RMC Sport

Ricci Bitti : « Un message très fort envoyé à la Tunisie »

Francesco Ricci Bitti, président de la fédération internationale de tennis

Francesco Ricci Bitti, président de la fédération internationale de tennis - -

EXCLU RMC SPORT. Pour avoir empêché Malek Jaziri d’affronter un Israélien, la Tunisie a été exclue pour un an de la Coupe Davis. Francesco Ricci Bitti, président de la fédération internationale de tennis, explique cette décision.

Francesco Ricci Bitti, la FIT a décidé d'exclure pour un an la Tunisie de la Coupe Davis. Pourquoi le conseil d'administration a-t-il pris cette décision ?
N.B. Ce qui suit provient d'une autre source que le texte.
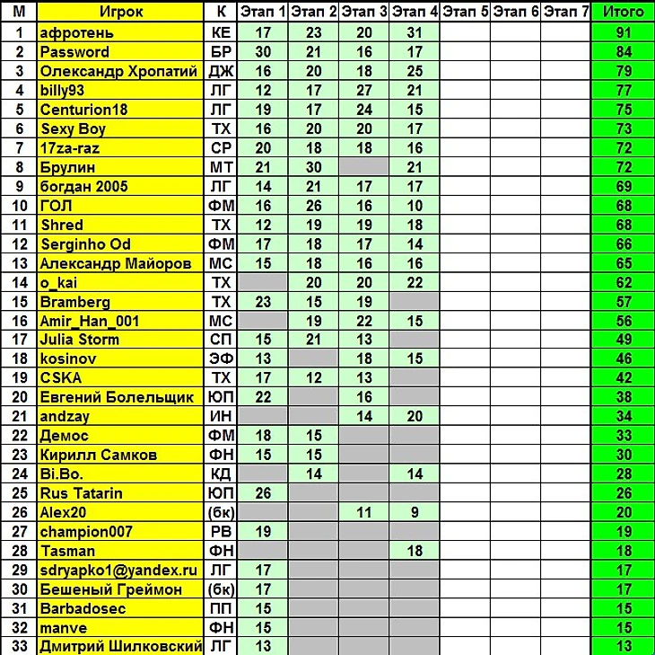 ЛЧБ. Итоги 4 этапа. Анонс 5 этапа

Les statuts de la fédération internationale de tennis sont très clairs, ils sont faits pour défendre l’intégrité et l’autonomie du tennis. Il ne peut y avoir de discriminations concernant l’origine, les ethnies ou les religions des joueurs. Avec les preuves que nous avons reçues dans cette affaire, il est clair qu’il y a eu des interférences. Il a été demandé au joueur (Malek Jaziri) de ne pas s’aligner contre un adversaire particulier (l’Israélien Amir Weintraub). C’est discriminatoire et ça n’a pas sa place dans notre sport. Nous avons décidé d’envoyer un message très clair, à savoir la suspension pour un an de la Tunisie pour la Coupe Davis.

Il s'agit d'un message particulièrement fort...
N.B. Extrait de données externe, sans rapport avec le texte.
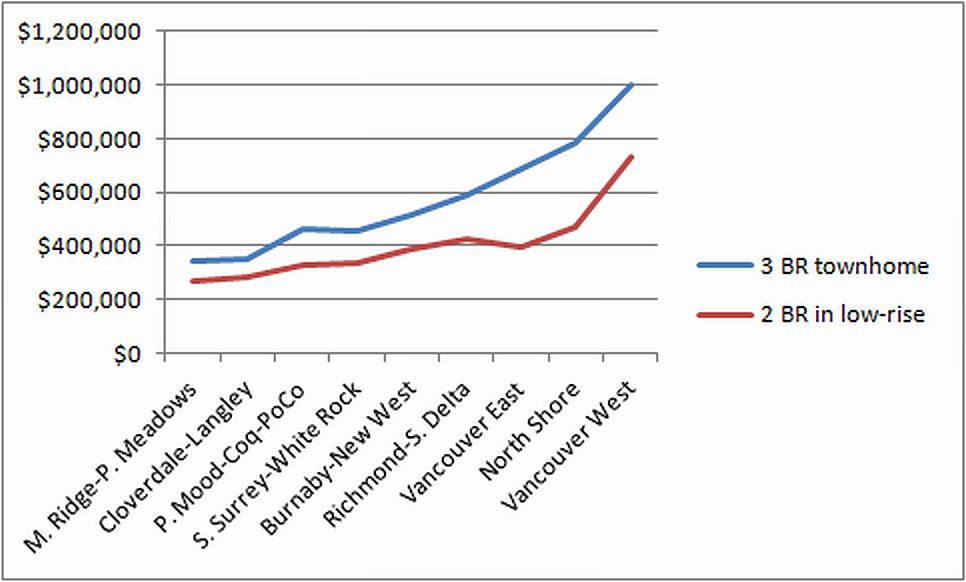 Collier’s, a real estate firm, has released a survey of apartment and townhome sale prices in Metro Vancouver during the first quarter of 2012.  As close to the City as  Burnaby-New Westminster, three-bedroom townhomes cost half as much as those in Vancouver West (Kitsilano, Point Grey.)  The price break in suburbs to the east is even greater.  Other surveys over time have shown that the same pattern applies to detached homes.

En effet, c’est un message très fort. Quand vous excluez un pays de la compétition la plus importante que vous organisez, il y a un message fort. Surtout pour les personnes qui sont à l’origine de cette histoire.

Qui sont les responsables dans cette affaire ?
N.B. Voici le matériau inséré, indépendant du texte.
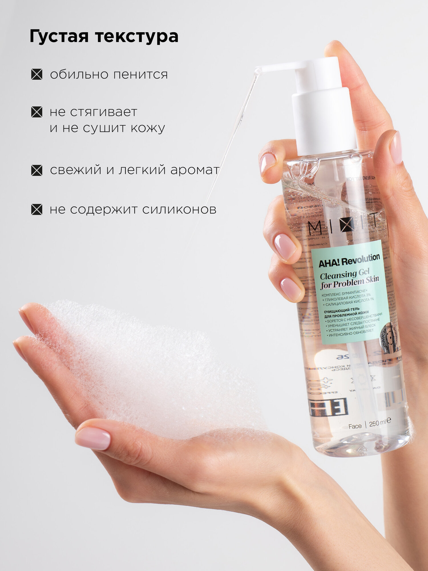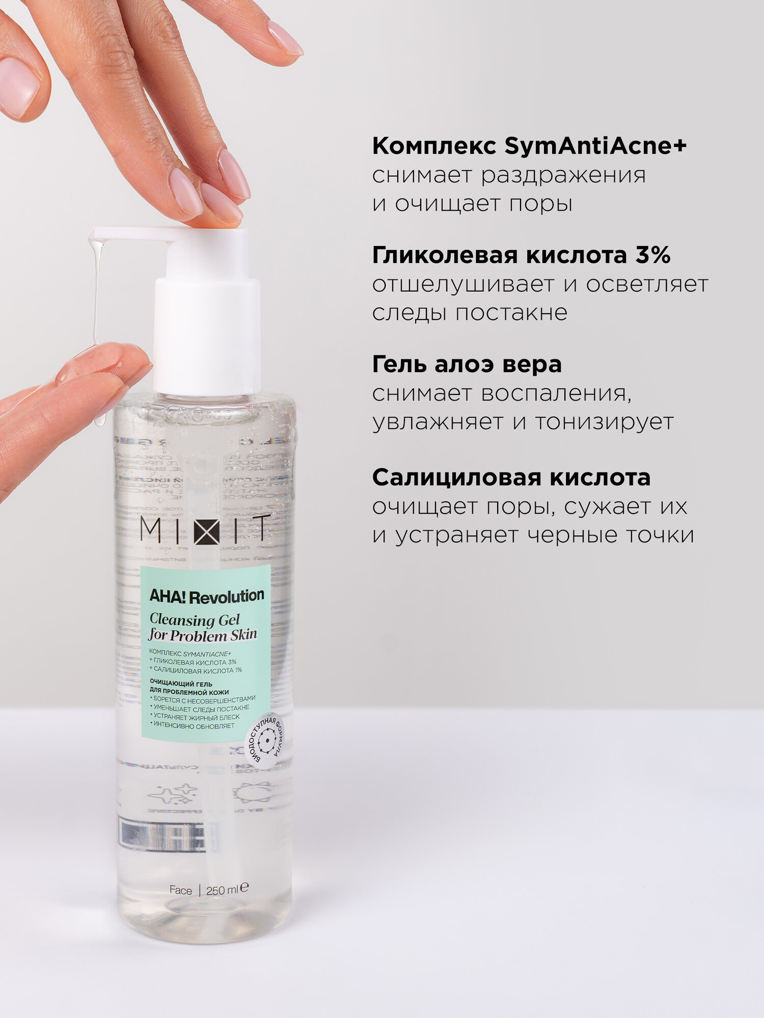 Гель для умывания MIXIT AHA! REVOLUTION с 3% гликолевой кислотой и 1% салициловой кислотой (для проблемной кожи) 150 мл

La fédération, le ministère, les autorités politiques… Tout le monde se renvoie la balle. La fédération nationale tunisienne a donné la responsabilité au directeur technique. Je ne veux pas entrer dans les détails, mais il est clair qu’un message a été envoyé au joueur pour lui dire de se comporter d’une certaine manière. Et nous ne l’acceptons pas.

La décision a-t-elle été unanime ?

La décision a été unanime. Nous avons seulement demandé au représentant tunisien à la fédération internationale de ne pas participer aux débats. C’est la règle. En dehors de ça, tout le monde était d’accord.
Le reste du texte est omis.